Source data START
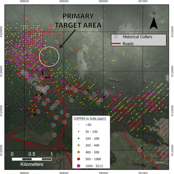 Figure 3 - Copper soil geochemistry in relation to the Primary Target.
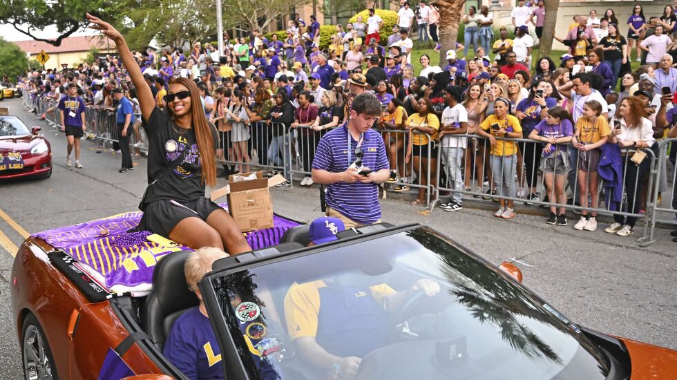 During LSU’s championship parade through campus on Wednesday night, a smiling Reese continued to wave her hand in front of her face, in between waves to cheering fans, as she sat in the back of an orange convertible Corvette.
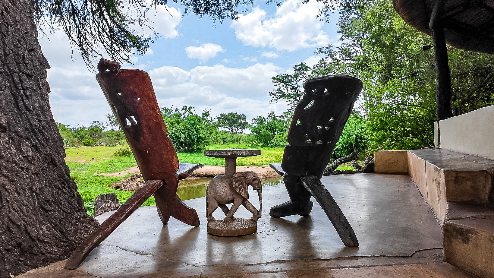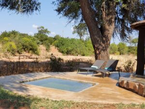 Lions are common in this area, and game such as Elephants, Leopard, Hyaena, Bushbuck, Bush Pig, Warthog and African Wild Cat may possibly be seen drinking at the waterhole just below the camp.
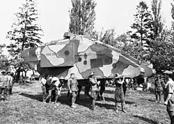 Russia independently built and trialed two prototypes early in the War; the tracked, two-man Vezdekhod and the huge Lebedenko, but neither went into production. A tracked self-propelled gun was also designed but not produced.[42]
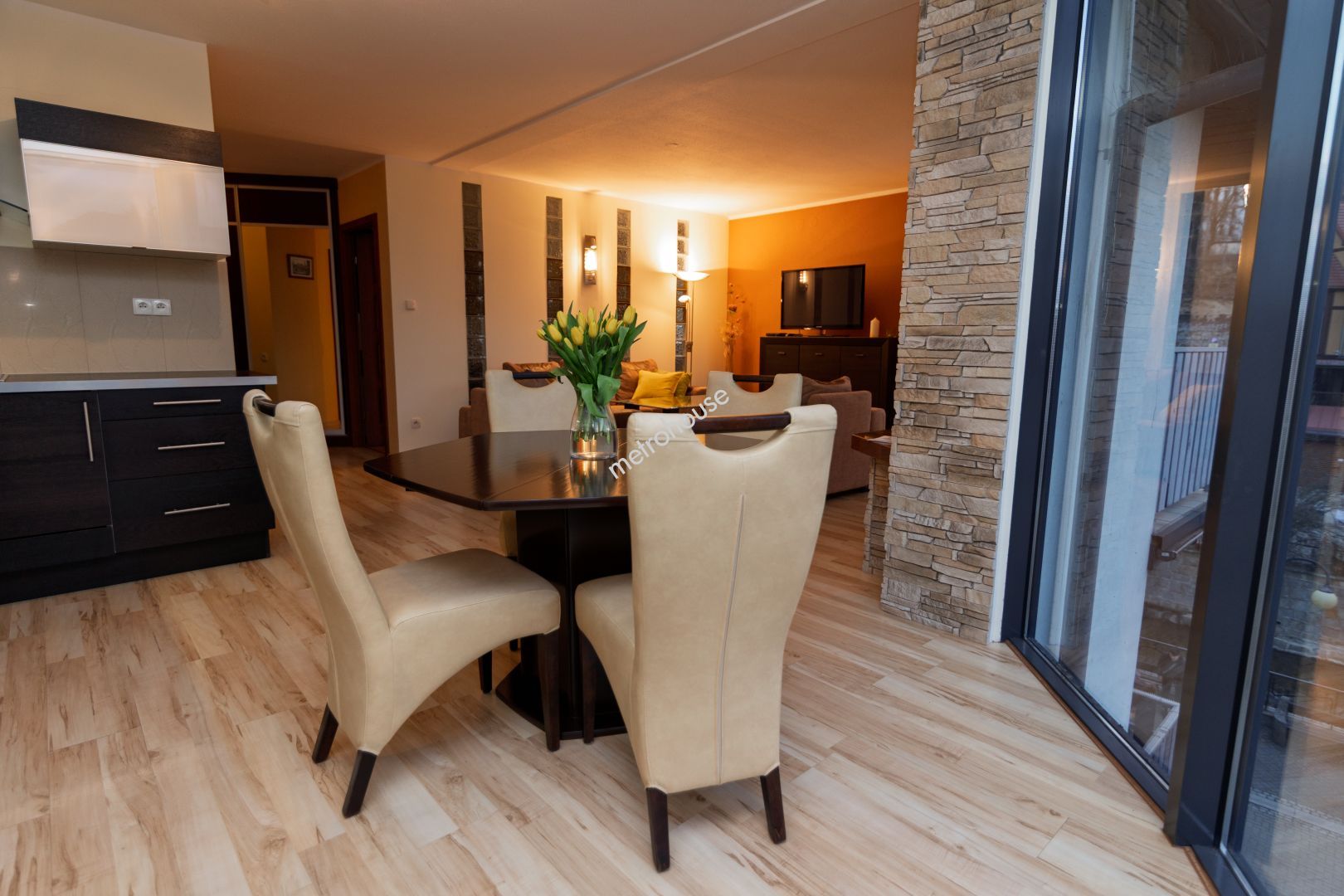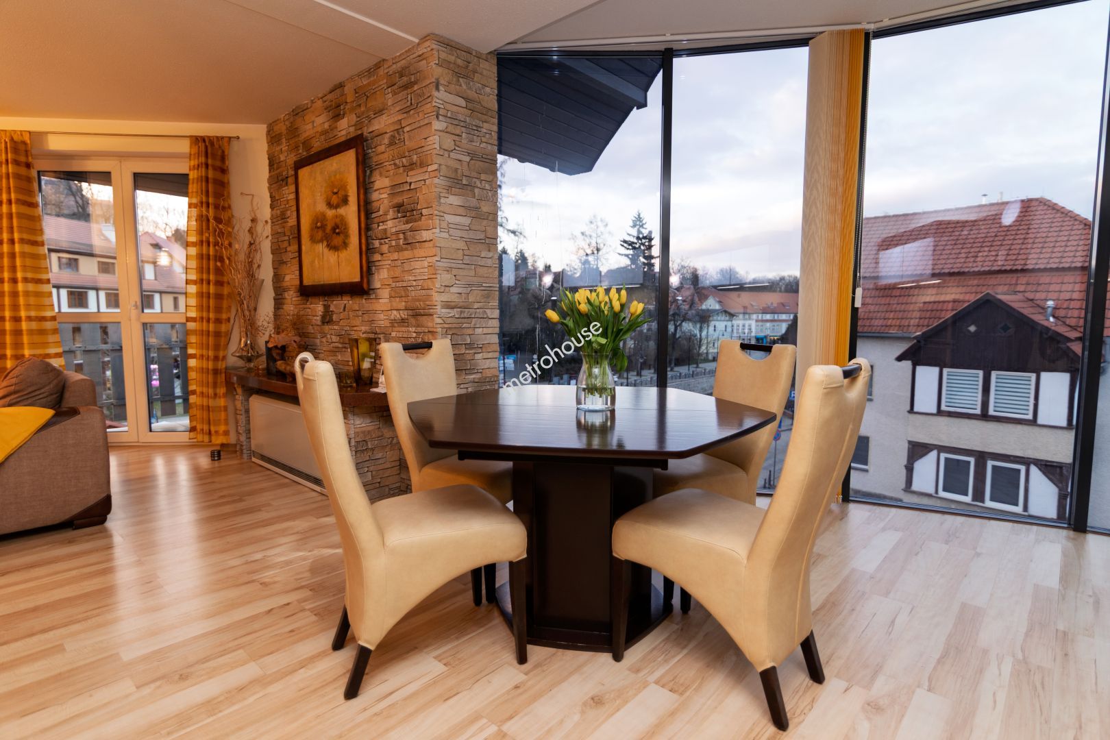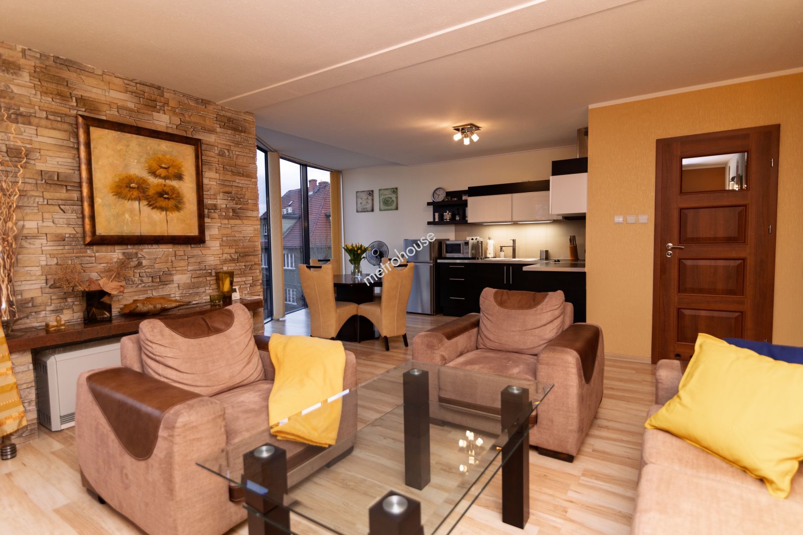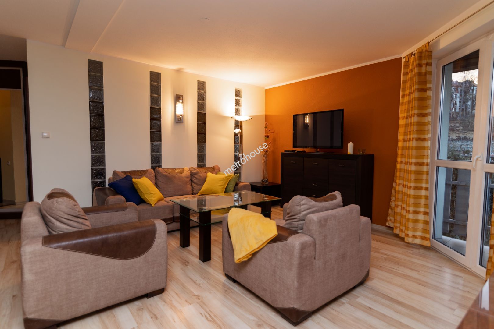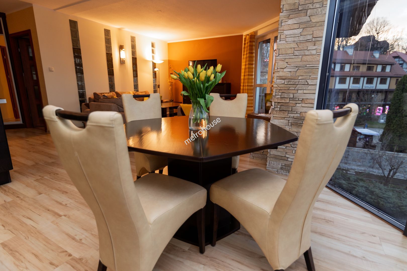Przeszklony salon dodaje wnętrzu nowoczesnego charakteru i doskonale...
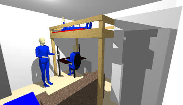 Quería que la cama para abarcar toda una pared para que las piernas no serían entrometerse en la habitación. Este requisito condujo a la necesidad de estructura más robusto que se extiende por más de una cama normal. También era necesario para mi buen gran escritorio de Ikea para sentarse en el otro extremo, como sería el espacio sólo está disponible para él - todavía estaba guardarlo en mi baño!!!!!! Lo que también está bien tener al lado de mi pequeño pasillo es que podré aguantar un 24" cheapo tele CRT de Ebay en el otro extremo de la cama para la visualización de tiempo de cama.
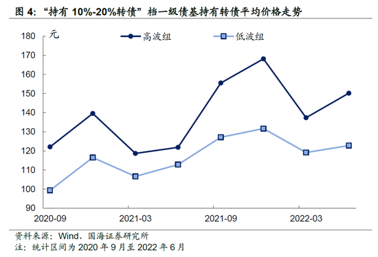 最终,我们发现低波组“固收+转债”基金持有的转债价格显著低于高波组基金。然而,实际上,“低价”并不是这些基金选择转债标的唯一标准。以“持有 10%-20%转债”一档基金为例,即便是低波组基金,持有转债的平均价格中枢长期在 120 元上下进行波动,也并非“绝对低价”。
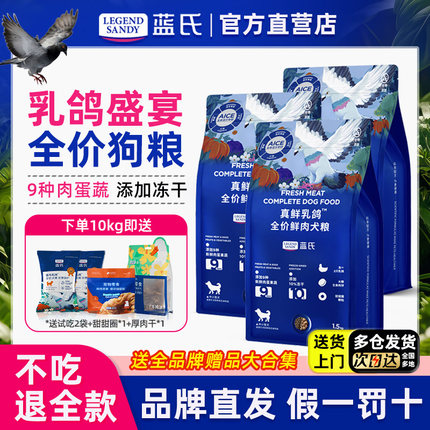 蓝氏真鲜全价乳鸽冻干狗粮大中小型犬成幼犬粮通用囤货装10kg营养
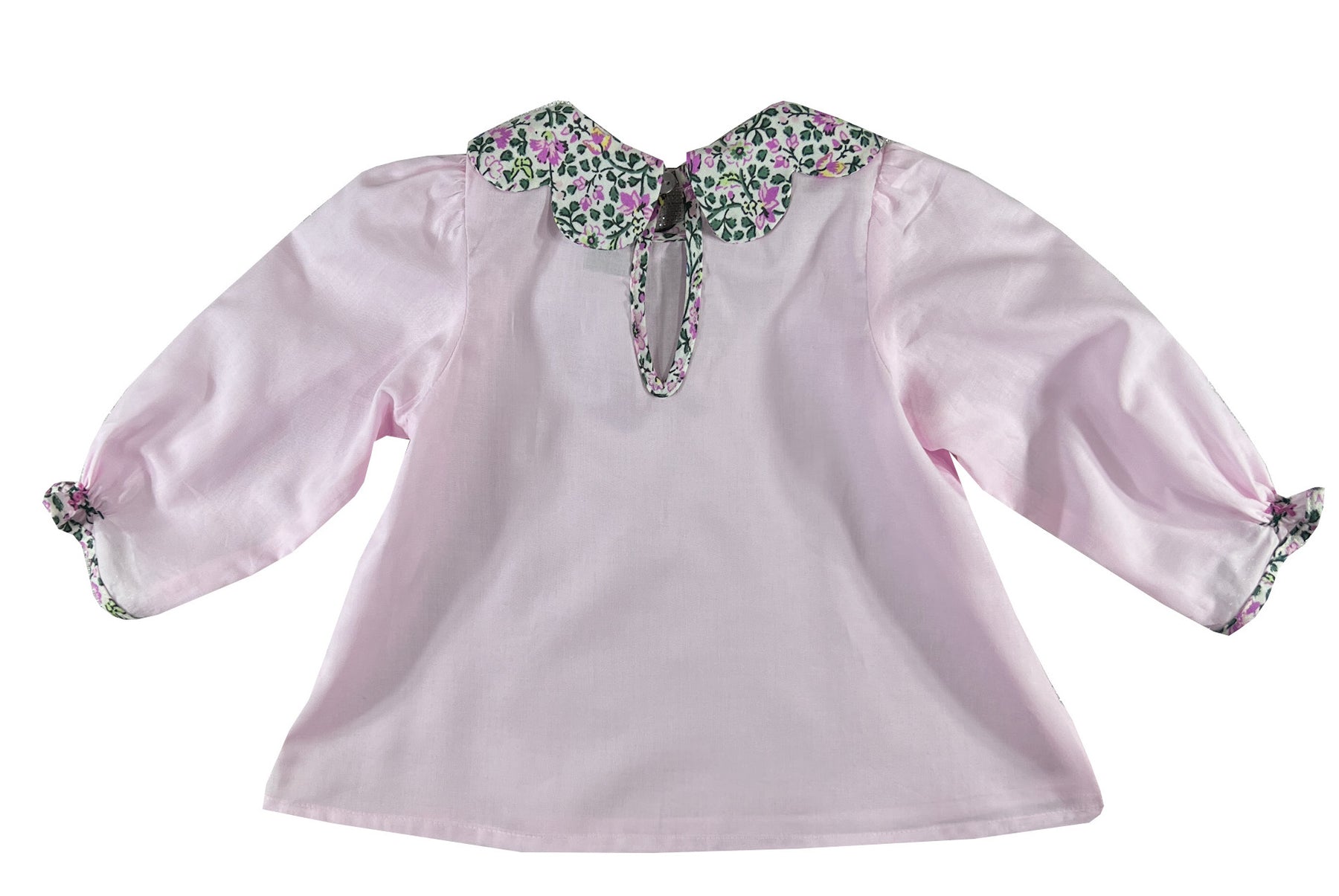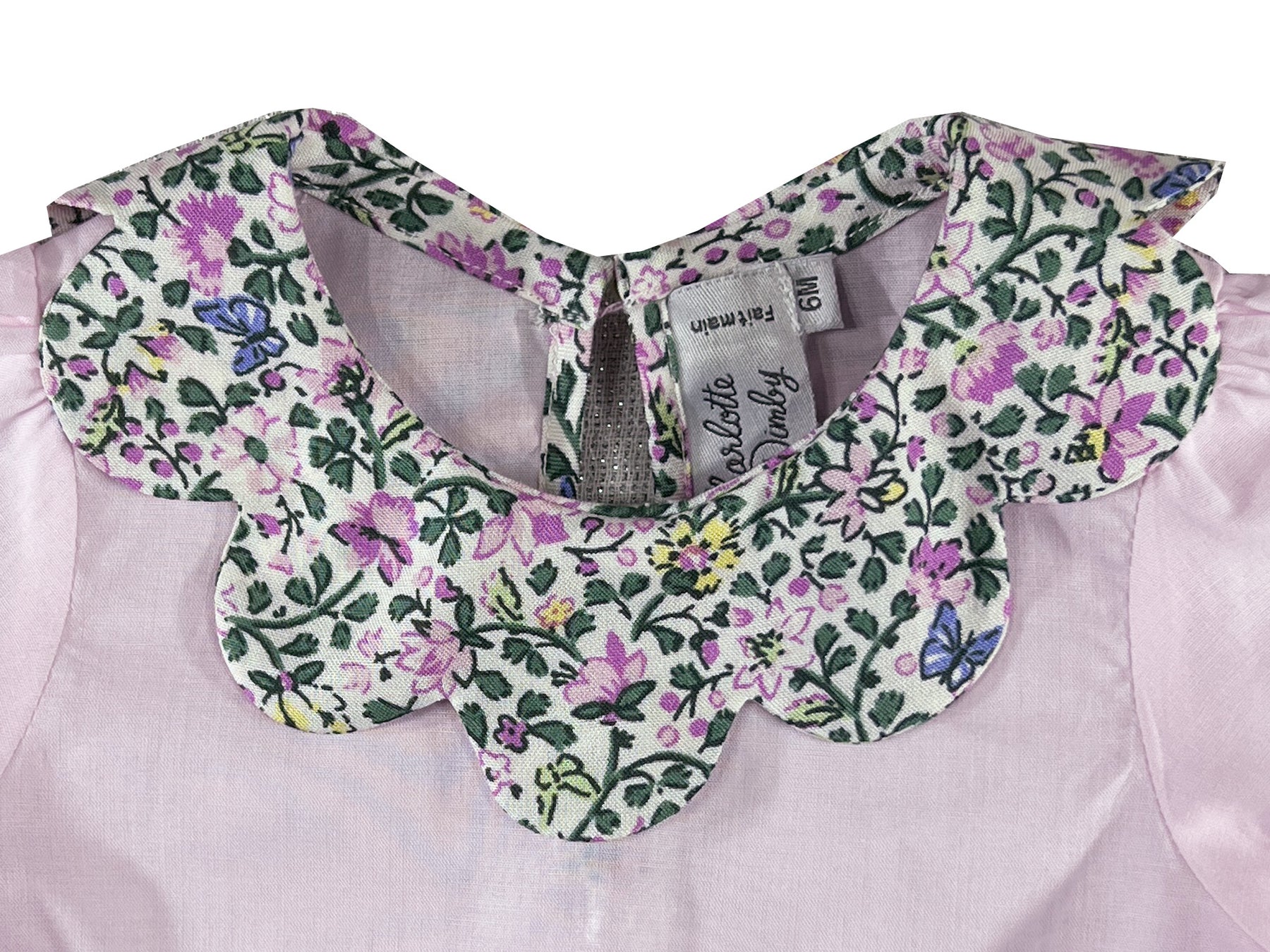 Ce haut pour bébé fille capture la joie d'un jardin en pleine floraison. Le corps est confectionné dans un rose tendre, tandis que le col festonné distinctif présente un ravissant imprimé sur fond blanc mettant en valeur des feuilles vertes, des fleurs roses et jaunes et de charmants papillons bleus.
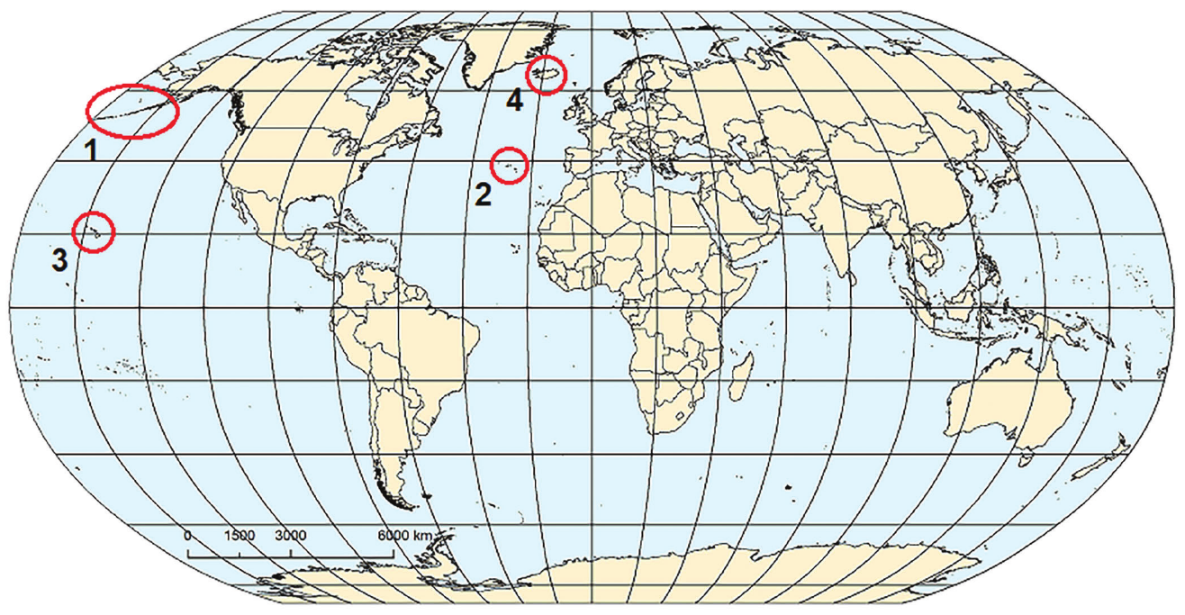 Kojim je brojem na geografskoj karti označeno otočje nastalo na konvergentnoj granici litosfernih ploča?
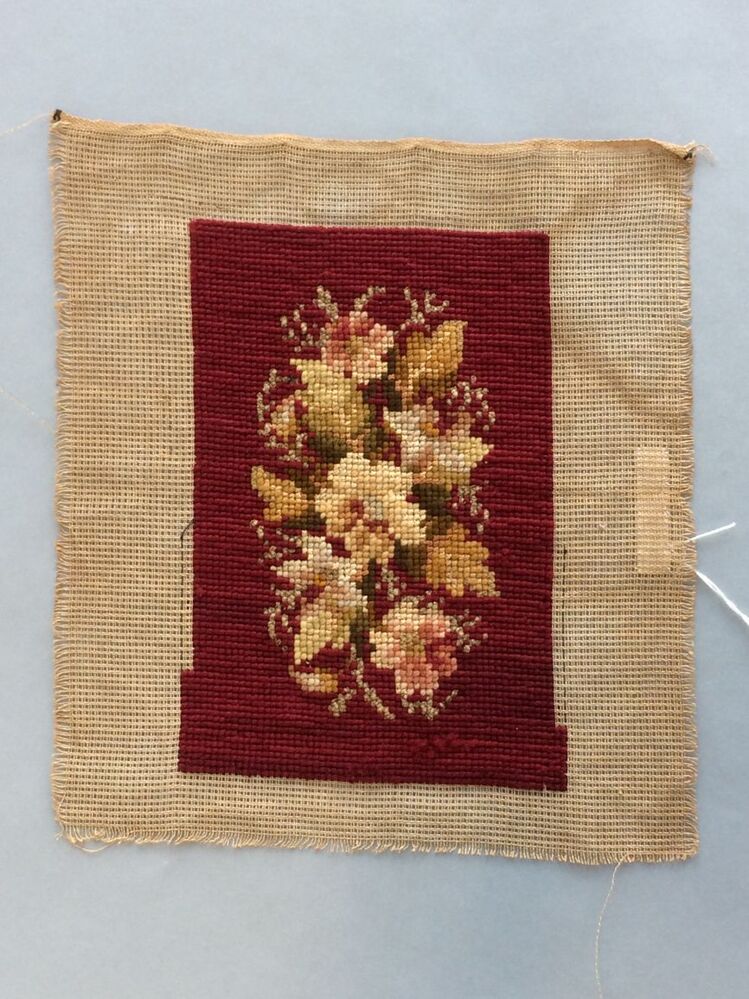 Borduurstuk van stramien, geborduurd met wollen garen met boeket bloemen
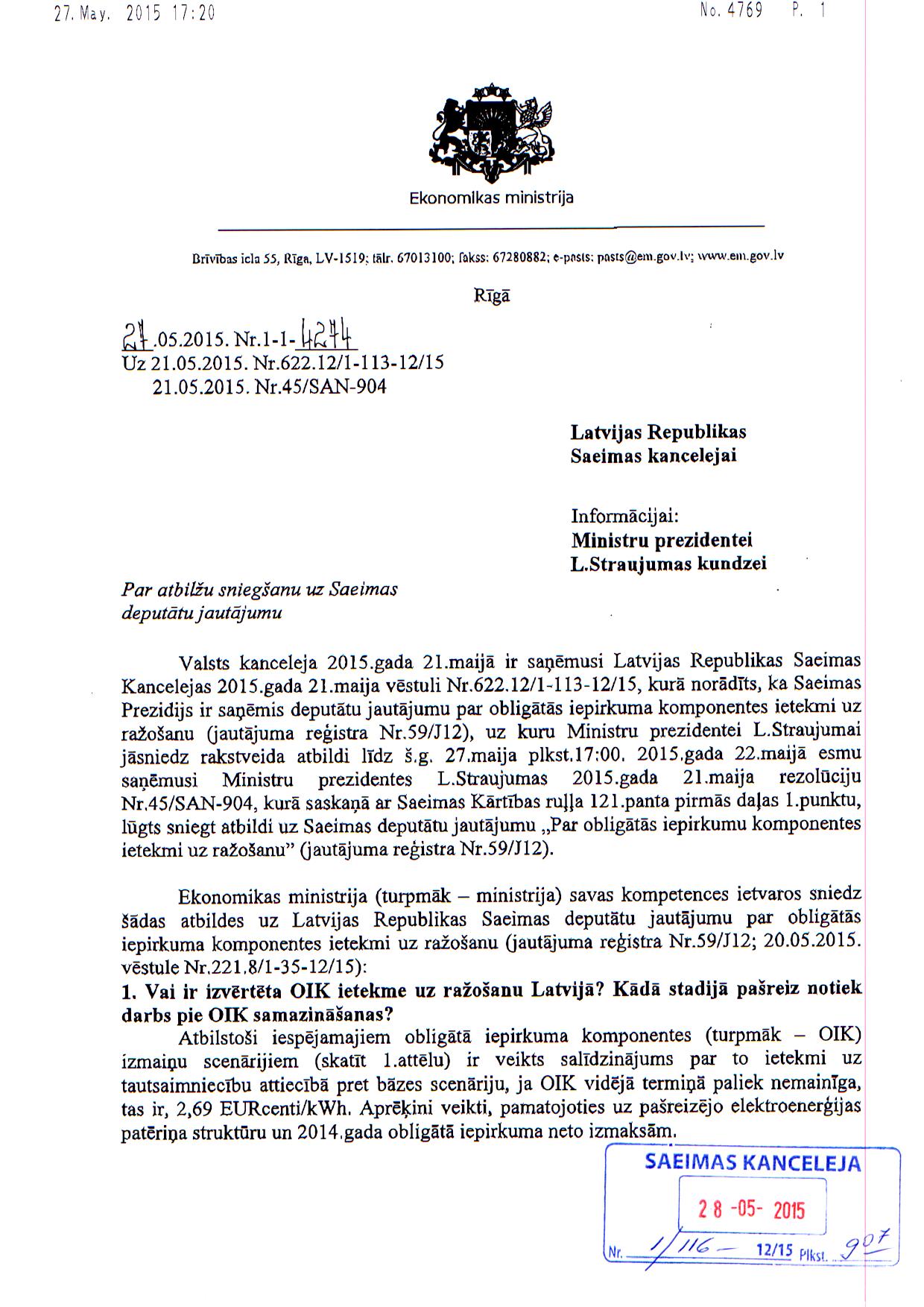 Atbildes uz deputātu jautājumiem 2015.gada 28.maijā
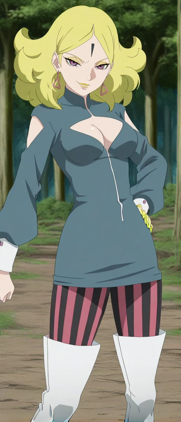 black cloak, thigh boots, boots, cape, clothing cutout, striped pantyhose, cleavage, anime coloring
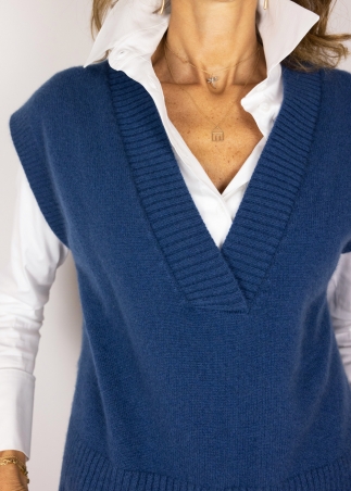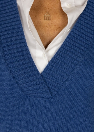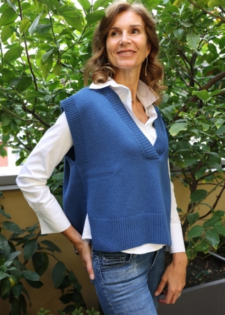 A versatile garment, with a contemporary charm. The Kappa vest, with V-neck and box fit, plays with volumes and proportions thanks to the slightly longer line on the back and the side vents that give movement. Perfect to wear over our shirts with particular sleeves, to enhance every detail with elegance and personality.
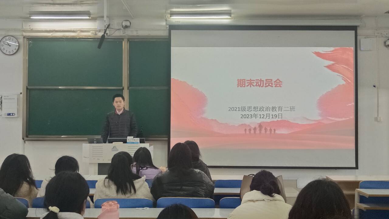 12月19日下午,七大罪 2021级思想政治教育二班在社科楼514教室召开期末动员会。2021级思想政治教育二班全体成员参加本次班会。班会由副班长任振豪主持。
Source data END
* Work instructions:
Pictures aside, every entry above must be repeated exactly.

* Response area:
 Figure 3 - Copper soil geochemistry in relation to the Primary Target.
 During LSU’s championship parade through campus on Wednesday night, a smiling Reese continued to wave her hand in front of her face, in between waves to cheering fans, as she sat in the back of an orange convertible Corvette.
 Lions are common in this area, and game such as Elephants, Leopard, Hyaena, Bushbuck, Bush Pig, Warthog and African Wild Cat may possibly be seen drinking at the waterhole just below the camp.
 Russia independently built and trialed two prototypes early in the War; the tracked, two-man Vezdekhod and the huge Lebedenko, but neither went into production. A tracked self-propelled gun was also designed but not produced.[42]
Przeszklony salon dodaje wnętrzu nowoczesnego charakteru i doskonale...
 Quería que la cama para abarcar toda una pared para que las piernas no serían entrometerse en la habitación. Este requisito condujo a la necesidad de estructura más robusto que se extiende por más de una cama normal. También era necesario para mi buen gran escritorio de Ikea para sentarse en el otro extremo, como sería el espacio sólo está disponible para él - todavía estaba guardarlo en mi baño!!!!!! Lo que también está bien tener al lado de mi pequeño pasillo es que podré aguantar un 24" cheapo tele CRT de Ebay en el otro extremo de la cama para la visualización de tiempo de cama.
 最终,我们发现低波组“固收+转债”基金持有的转债价格显著低于高波组基金。然而,实际上,“低价”并不是这些基金选择转债标的唯一标准。以“持有 10%-20%转债”一档基金为例,即便是低波组基金,持有转债的平均价格中枢长期在 120 元上下进行波动,也并非“绝对低价”。
 蓝氏真鲜全价乳鸽冻干狗粮大中小型犬成幼犬粮通用囤货装10kg营养
 Ce haut pour bébé fille capture la joie d'un jardin en pleine floraison. Le corps est confectionné dans un rose tendre, tandis que le col festonné distinctif présente un ravissant imprimé sur fond blanc mettant en valeur des feuilles vertes, des fleurs roses et jaunes et de charmants papillons bleus.
 Kojim je brojem na geografskoj karti označeno otočje nastalo na konvergentnoj granici litosfernih ploča?
 Borduurstuk van stramien, geborduurd met wollen garen met boeket bloemen
 Atbildes uz deputātu jautājumiem 2015.gada 28.maijā
 black cloak, thigh boots, boots, cape, clothing cutout, striped pantyhose, cleavage, anime coloring
 A versatile garment, with a contemporary charm. The Kappa vest, with V-neck and box fit, plays with volumes and proportions thanks to the slightly longer line on the back and the side vents that give movement. Perfect to wear over our shirts with particular sleeves, to enhance every detail with elegance and personality.
 12月19日下午,七大罪 2021级思想政治教育二班在社科楼514教室召开期末动员会。2021级思想政治教育二班全体成员参加本次班会。班会由副班长任振豪主持。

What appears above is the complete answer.